The Unexplainable Importance of Yoga
/We’ve all heard about the amazing things that yoga can do for us, but try explaining exactly what it is and how it works and you quickly find yourself on shaky ground. There is an innate something at the heart of the matter that simply cannot be measured, only felt. As unsatisfying as this may be, the highly subjective perception of our own experience is the only real basis for any understanding, and the very thing that makes yoga so vital.
I can’t really explain what I do as a yoga teacher. I mean, I try. I write this blog every month. I do a weekly long-form podcast. I do whatever I can to articulate and express why I feel so much passion for yoga, and how I have seen it work for me and so many other people over the years. But it always falls short when you attempt to give it words. The communication of what yoga is, and how it works on us, does not translate well into the murky territory of linguistic subtext that mires us so easily in misperception.
Yoga encompasses more than what can be derived from data.
We have become a largely ‘data-driven’ society. The evidence for our determinations is largely based on our ability to quantify and measure aspects of our experience. Very often, this boils down to entirely subjective factors. If a doctor asks us to rate our pain on a scale from 1 to 10, how many of us actually know how to distinguish between a 3 pain and an 8 pain? And how much of the assessment for that number depends on my mood when asked, more than what is actually happening in my body? The course of treatment will be based on my answer, as ethereal as it is, yet we embrace the diagnosis and treatment as empirically bulletproof.
Our inability to address pain and stress through data and empirical evidence alone is precisely why so many people are looking to yoga for help. Yoga offers the possibility to go beyond the confines of clinical trials and into the realm of the yet-unexplained. There are a lot of doctors recommending yoga without really having any hard evidence for its effectiveness. All they know is what people tell them, whether that is rating a pain scale or whether or not yoga works. And the overall consensus tends to be that yoga does work for people, even if we don’t really understand how or why.
Having goals is not the same as having a purpose.
In parsing semantics, there is an important distinction to be made between having something you are hoping to accomplish in practice, and a reason for doing it. As many of those who throw themselves deeply into yoga find out the hard way, honing the ability to execute intricate body positions, coveted among advertisers and practitioners alike, and the basis for launching Instagram-based careers, has proven a profoundly hollow pursuit. And even if we are not aspiring to do crazy body positions, the mindset of working towards being able to do a pose, or being able to do a pose ‘correctly’, remains commonplace.

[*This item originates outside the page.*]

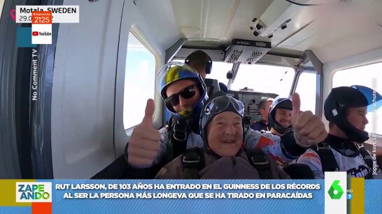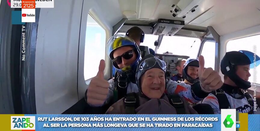Rut Larsson, una anciana de 103 años de origen sueco, ha entrado en el Libro Guinness de los Récords tras convertirse en la persona más longeva en saltar en paracaídas. "Lo ha hecho con 103 años", informa Quique Peinado a sus compis, a los que acto seguido pide un "fuerte aplauso". Tal y como informa el colaborador, esta señora voló por primera vez en parapente con 90 años y debutó con el paracaídas a los 102 años, pero como le gustó, ha vuelto a repetir este año.
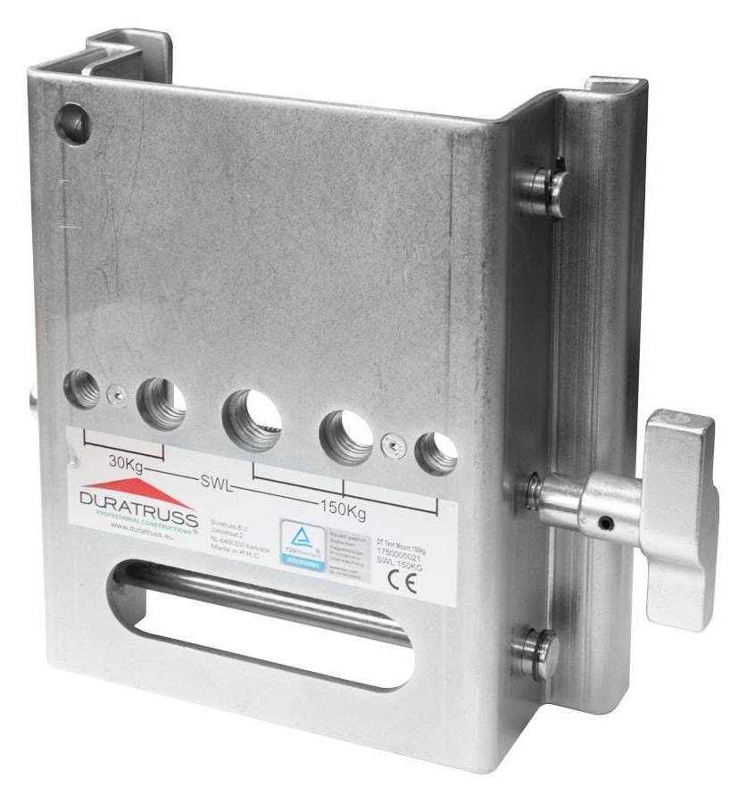 Mit dieser Clamp können Sie an Standard-Kederprofilen (Aluminium Zelträger) mit maximaler Breite von 100mm Ihre Traversen und weitere Technik befestigen. Über die verschiedenen Befestigungsmöglichkeiten von M10/M12/M14 können bis zu 150kg Last verteilt werden.

A focus on being smarter about how we do poses, and educating ourselves about our bodies, is certainly better than recklessly pushing ourselves into shapes with the misguided notion that we are accomplishing something. But the achievement-oriented nature of our predominant mores quickly asserts itself with notions of ‘proper biomechanics’ and ‘movement diets’ that inadvertently end up making us feel less empowered, and still forever trapped in a loop of minor accomplishments and ever-changing goal posts. Regardless of how statistically safe the forms can be made, until we are able to be clear about what we are doing and why we want to be able to do whatever it is, we will continue to be bound by the same trappings that drive us to yoga in the first place.
The elusive nature of yoga’s effectiveness is what makes it yoga.
The unexplainable something that turns breathing and moving exercises into actual healing and a direction in life will never be adequately articulated in words, or explained through a clinical trial. The power and beauty of yoga invite us to embrace that which is beyond the limits of conventional thinking so that we might unleash our untapped potential. While yoga practice is an ideal vehicle for cultivating an awareness that points to the magic spark of whatever it is, the wisdom we might intuit is spoken only in the language of inward journey.
Yoga is a potential means to untangle us from the systems and structures that make us afraid of the unknown, not just another way of reinforcing the patterns that keep us stuck in seemingly unchangeable circumstances. Contingent in this process is that each person must decide for themselves the course they take. Communications from the outside may effectively point out the direction, as is the skill of a good teacher, but this transference does not extend beyond the directional. The ‘self-empowered’ nature of this process is perhaps the most vital aspect for humanity. When yoga causes us to marvel at life’s wonder, and be awestruck by its miracle, that is when it becomes important.